Buildings too can be improved. With a better understanding of the necessity to become greener and more environmentally friendly, new technologies can allow buildings to become carbon neutral and cost effective. The initial investment will lead to large long term gains to not only competitiveness but also sustainability.
But upgrading old buildings to make them more environmentally friendly can damage them according to the Society for the Protection of Ancient Buildings. Furthermore, the thought that we replace some of these old buildings or clear them and create enterprise zones or business areas often met with great resistance.
Progression is hampered further by extensive planning restrictions, large amounts of red tape and a difficulty to upgrade or modernise old buildings. These restrictions certainly impact on economies, especially those weaker ones in the regions, when faced with competition from around the world. Cities need a large scale modernisation to boost their potential but tradition and historical preservation can impede this.
The Centre for Cities’ report, ‘Sunderland: The Challenges for the Future,’ recommends phased regeneration, improvement to infrastructure/transport and further investment are all vital – these are restrained often by physical historical preservation.
Looking at historical preservation in the tradition/behavioural sense then we are posed with new obstacles. In general, people want progression, they want an improvement to their lives and they want their children to have a better life than they did. But a natural scepticism to change means large scale changes of any nature can be hampered especially where there is a need to augment the skillset.

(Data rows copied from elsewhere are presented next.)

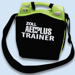
AED Plus Trainer Carry Case Part# 8000-0375-01
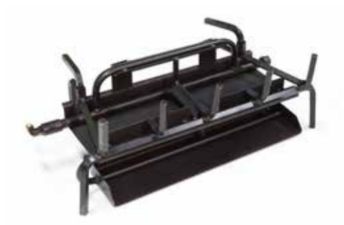
Available Sizes: 18", 24", 30", 36" and 42" Item # 3BRN-##
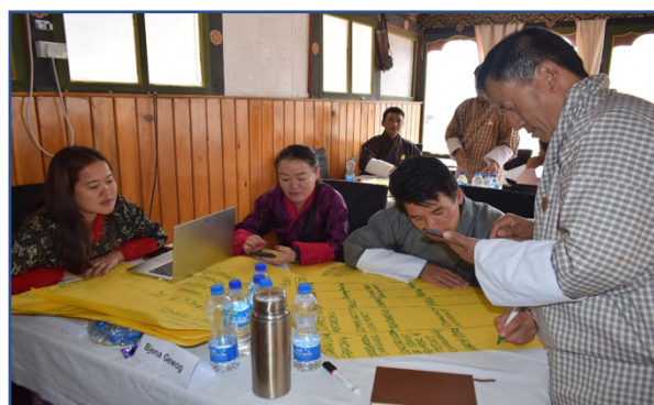
Figure 8: Local resources identification using resource matrix tool.
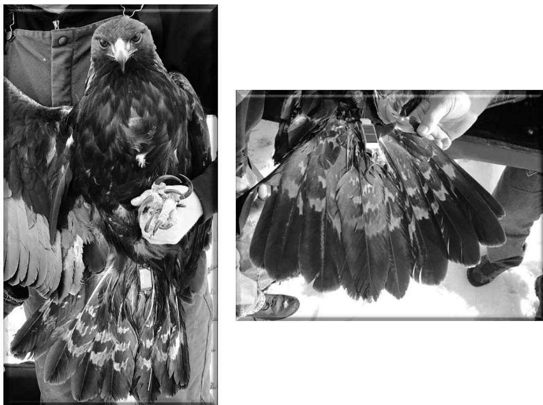
Figure 1. Satellite-tracked Platform Transmitter Terminals on central tail feathers of adult Golden Eagles. Left: 32-g battery-powered Doppler unit on male. Right: 22-g solar powered GPS unit on female.

October were considered residents. Eagles located outside Montana at any time during tracking were considered migrants. Resident adults observed engaged in breeding behavior or commonly associated with nest sites or another adult eagle of distinctly dissimilar size were considered territorial and mated. Resident adult eagles not commonly observed associated with nest sites or another adult eagle of distinctly dissimilar size and ranged widely were considered floaters (Brown 1969, Hunt 1998) and were assumed to be unmated. Nonadult eagles were classified as either resident or migrant based on above criteria.
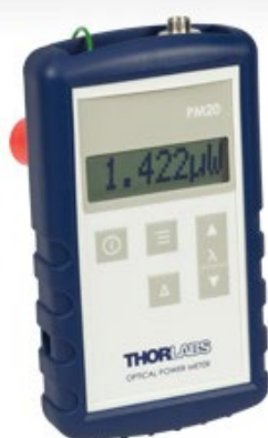
PM20A Fiber Optic Power Meter
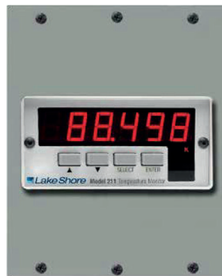
2111 Single 1/4 DIN panel-mount adapter, 105 mm W \times 132 mm H (4.1 in \times 5.2 in)
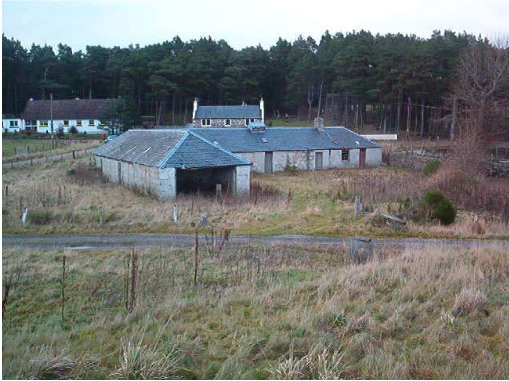
Fig. 3. Site and steading looking northwards
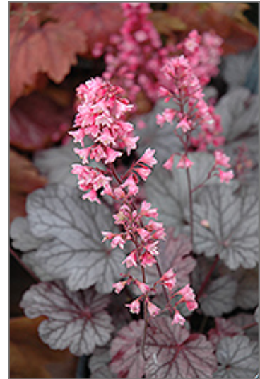
Milan Coral Bells flowers
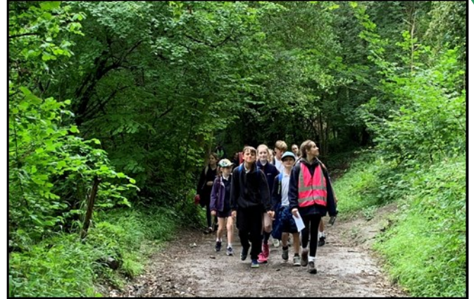
Above and left: the Upper Juniors
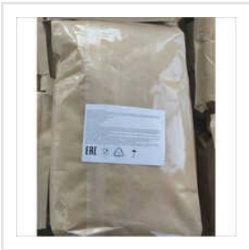
Food Grade Sodium Gluconate Powder
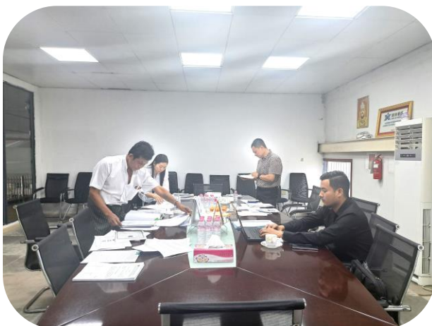
Saiform International Garment (Myanmar) Co.,Ltd
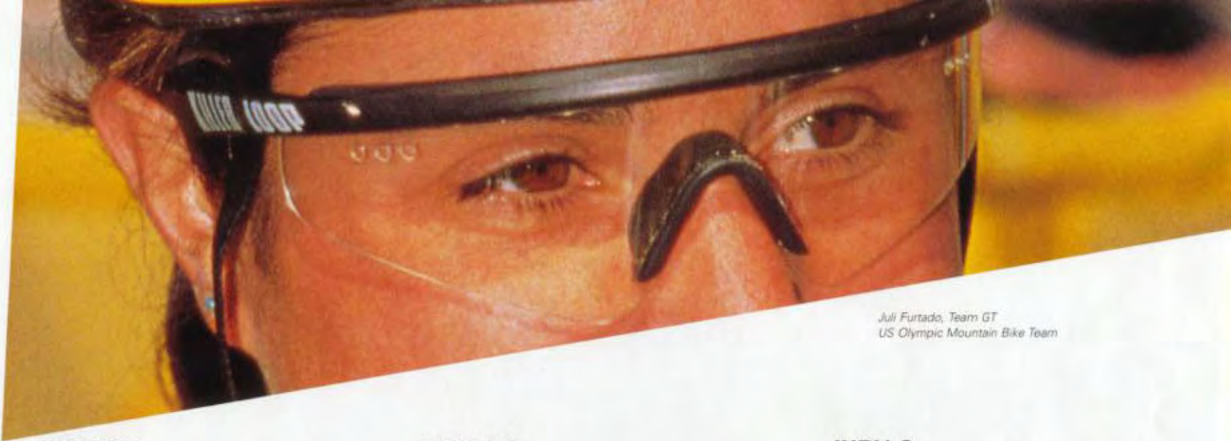
Juli Furtado, Team GT US Olympic Mountain Bike Team
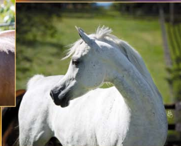
Simeon Seis (Imperial Madaar x Simeon Se by Asfour) RAFFAALAA FAMILY
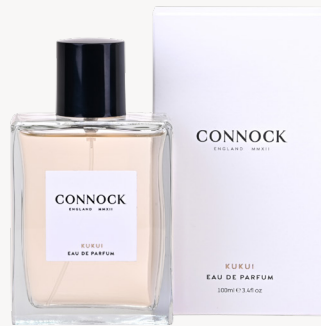
EAU DE PARFUM 100ml - £85 30ml - £40
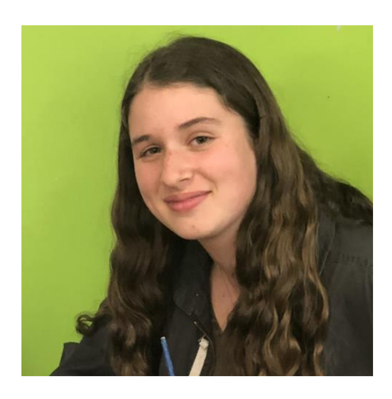
"The Jam Project equipped me with a tool belt of skills that I could use in the future -
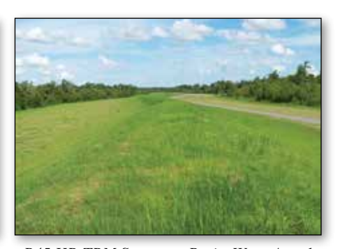
R45 HP-TRM System to Resist Wave Attack

Profile® can provide additional TRM options to accommodate site conditions, including thermally fused geotextile fabric backings and lower cost polypropylene structures.
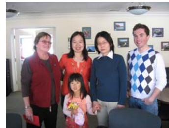
Come make new friends at the International Spouses Group!

ISSS looks forward to welcoming international spouses on Wednesday, October 7th!
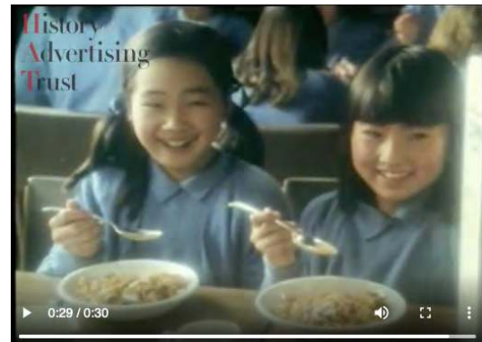
Fig. 11: Kellogg's Cornflakes (1976)

racism is the formulation, 'they all look the same'.
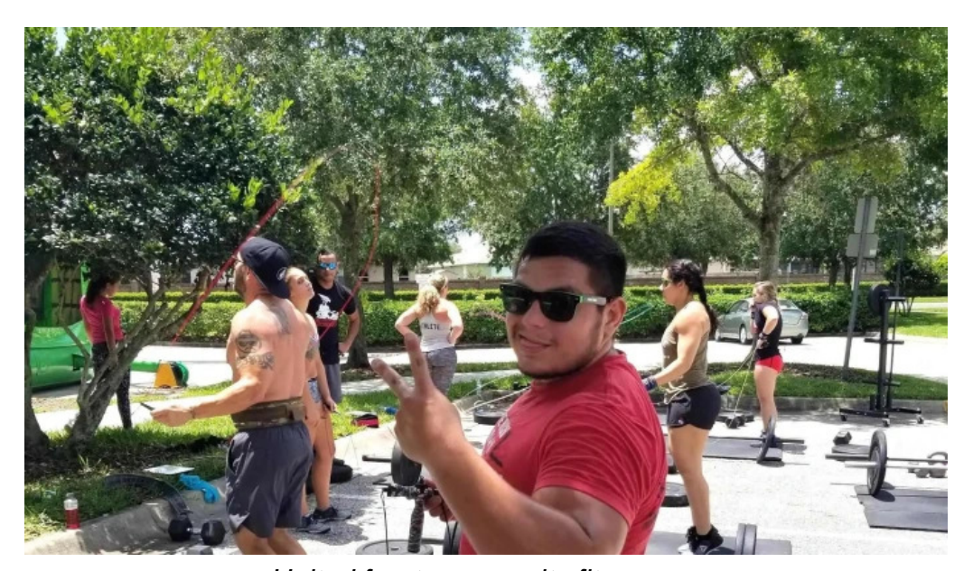
United front community fitness score

Furthermore, attachment to certain buildings or areas based upon historical importance is irrational when looking at it in an economic sense, especially one which looks at the return on investment ratios.
But we should devalue these economically irrational feelings at our peril.
Cities are comprised of many individual communities; communities which are built upon traditions, relationships, family, ethics, religion. The attachment to these common ties is what holds them together and allows people to continue to live and work. Yes, people need jobs and yes communities need investment but ignoring the importance that people attach to this sense of tradition will break up communities and devalue the broader life they live.
I would couch that this will have a larger negative effect than the benefits ‘pure’ development and progression would bring. Traditions and historical preservation provides people with a direct stake in their community – removing this would be dangerous to society.
In sum, it is important for cities to harness new technologies and to modernise skillsets where possible in order to stay competitive and ensure sustainability in a global market. However, the importance of historical preservation is that it holds communities together and empowers people by creating a stake in society.
Future city growth, therefore, does not depend upon solely ‘modernisation’ or solely ‘historical preservation’ but rather on how to extract the benefits of them coexisting.